It's important to emphasize that the Servo developers don't consider the fact that Rust is memory-safe to be an excuse to skimp on proven approaches to application security. Servo will still utilize multi-process architecture and sandboxing in order to provide defense-in-depth.
Remember that the goal of Servo is not just to be as safe as modern engines, but to be far safer (while also being twice as fast!).
> not just to be as safe as modern engines, but to be far safer
A worthy goal! However, I'm still concerned. If the project is sufficiently secure without multi-process, adding layers only increases the surface area for attack vectors. Sandboxing not only increases the surface area of your (now) multiple processes, but also introduces the OS layer as an arbiter of communication between them, which we can safely assume does not have memory safety guarantees (though is probably quite hardened).
Of course, the developers would not claim that Servo is "sufficiently secure" right now, especially since (as brson mentioned) it still includes C & C++ source. My point is, sandboxing can be a huge win in terms of security, especially for now; but any complex feature has tradeoffs and the efficacy of those tradeoffs may not continue to hold through the future and should remain open to consideration.
I don't see how a lack of sandboxing would decrease your attack surface, since you need to communicate with the OS somehow. A sandbox just moderates that communication.
I also don't understand "If the project is sufficiently secure without multi-process, adding layers only increases the surface area". The point of layers is that each one needs to be breached in order to craft a full exploit. If one layer is sufficiently secure without multi-process then in the worst case your defense-in-depth is merely redundant, regardless of the attack surface of the remaining layers (though obviously "sufficiently secure" is fairly impossible to prove).

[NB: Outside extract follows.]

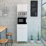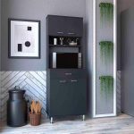 The Helis 60 Pantry Double Door Cabinet is a kitchen organization station that frees up valuable counter and cabinet space, holding your microwave, coffee maker, and other small appliances. It features a bottom cabinet for bigger items such as pots and pans, a top spice rack and cabinet, and a spacious top surface to place a big microwave or prep meals, top. Designed with elegant Black Wengue, Light Grey, White, Light Oak, Smokey Oak manufactured Wood finish.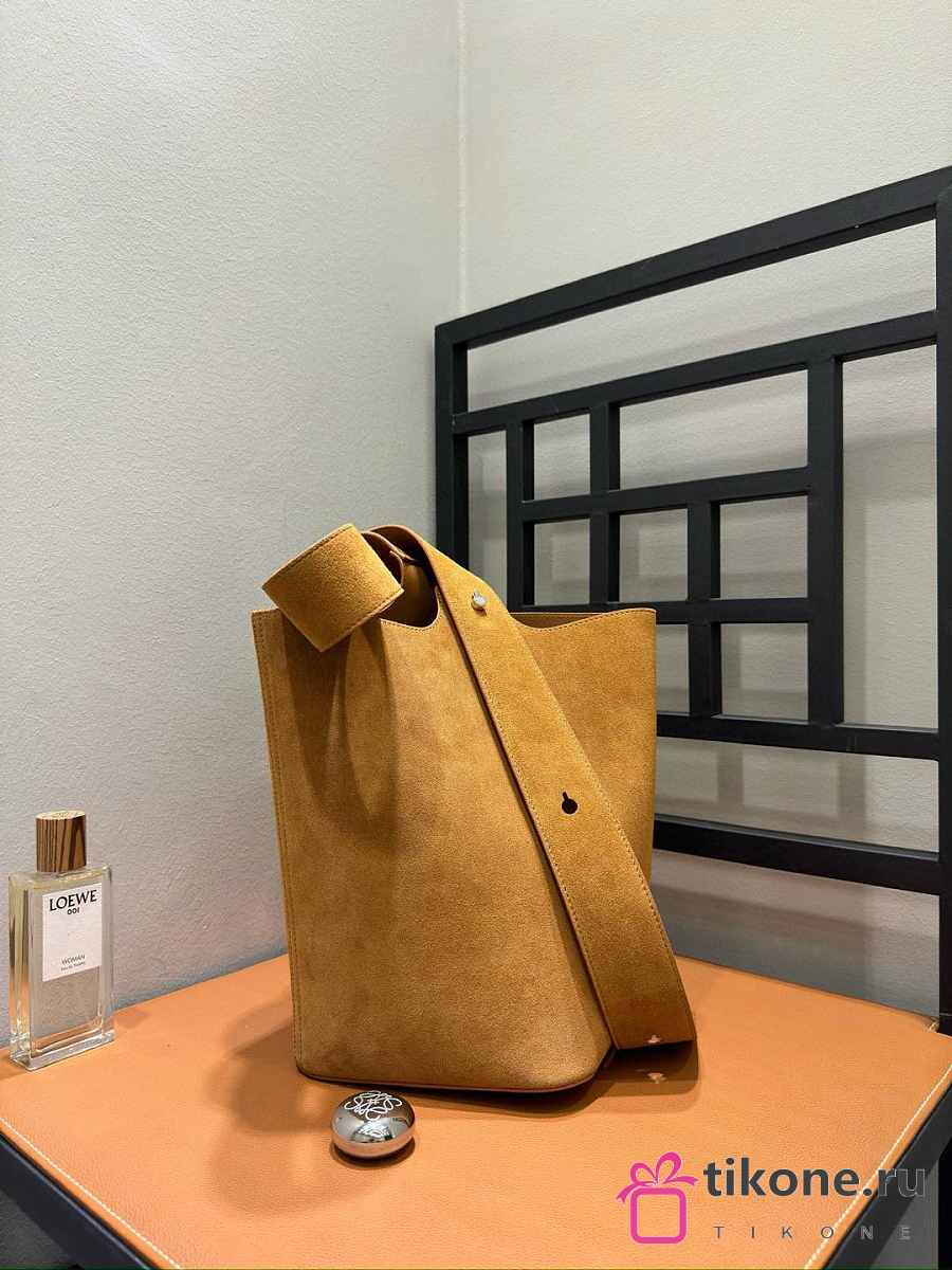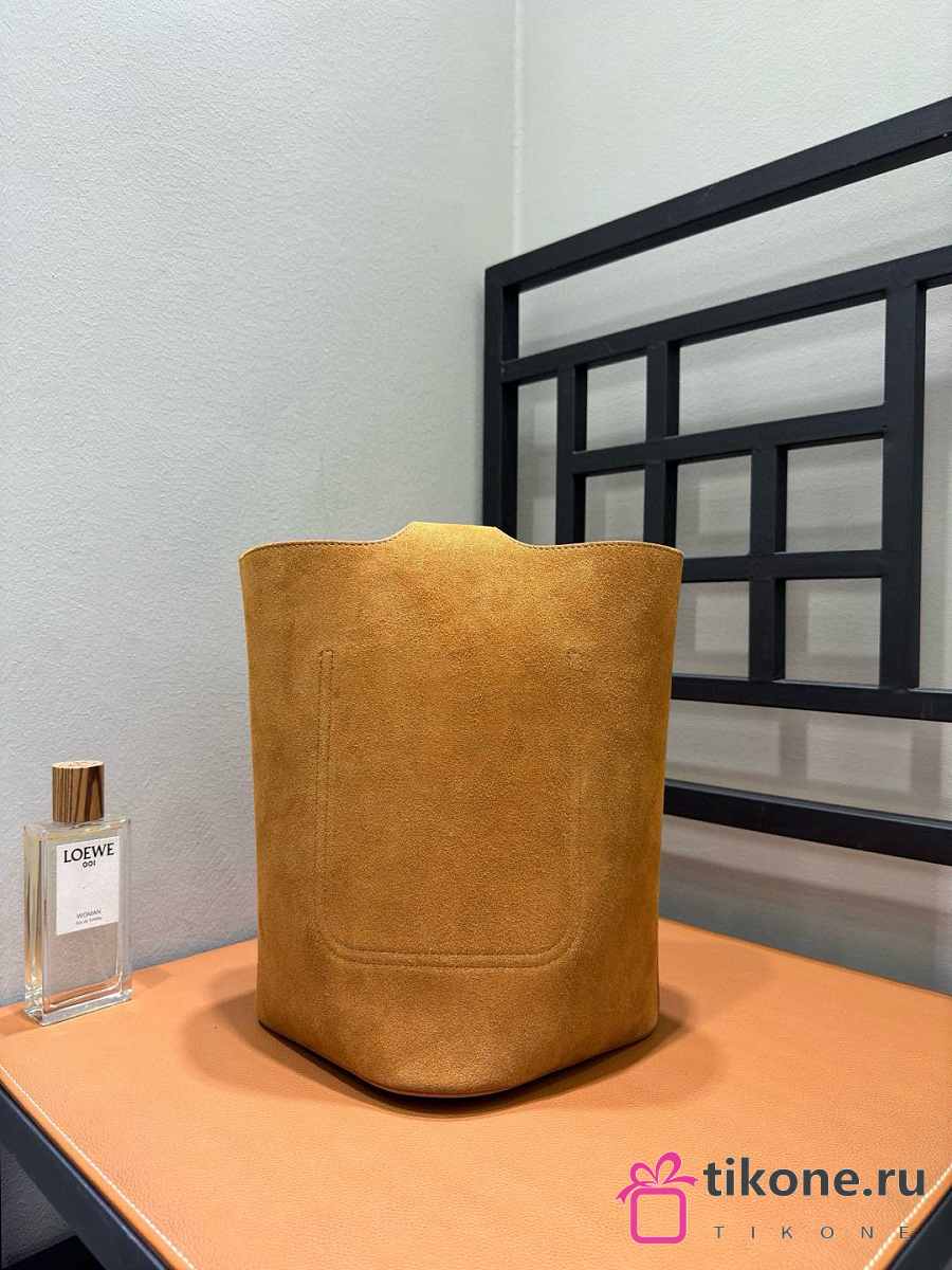 Loewe Large Pebble Bucket Bag In Suede Calfskin Tobacco - 33x28x28cm

If there is a bug in the mechanism used to ferry messages between the two processes, as that mechanism lives in the kernel, only that one mechanism needs to be breached to attack the computer: sometimes, "layers" are more like a "chain", which are only as strong as the weakest "link". (However, that is much less likely than an issue in the native GUI components, or the apparently non-negligible amount of unsafe C/C++ and JIT'd code used by Servo.)
That's essentially a detail of the Windows sandbox implementation. Servo's sandboxing story is Rust's gaol library [1], which has no support for Windows yet, but any multiprocess deployment on Windows would want to be accompanied by a sandbox utilizing those kinds of features.
Maybe I don't understand what you're asking, but when I think of embedding I think of the embedded component running in my process. Is that not the case with chormium? If it's its own process how do you interact with it?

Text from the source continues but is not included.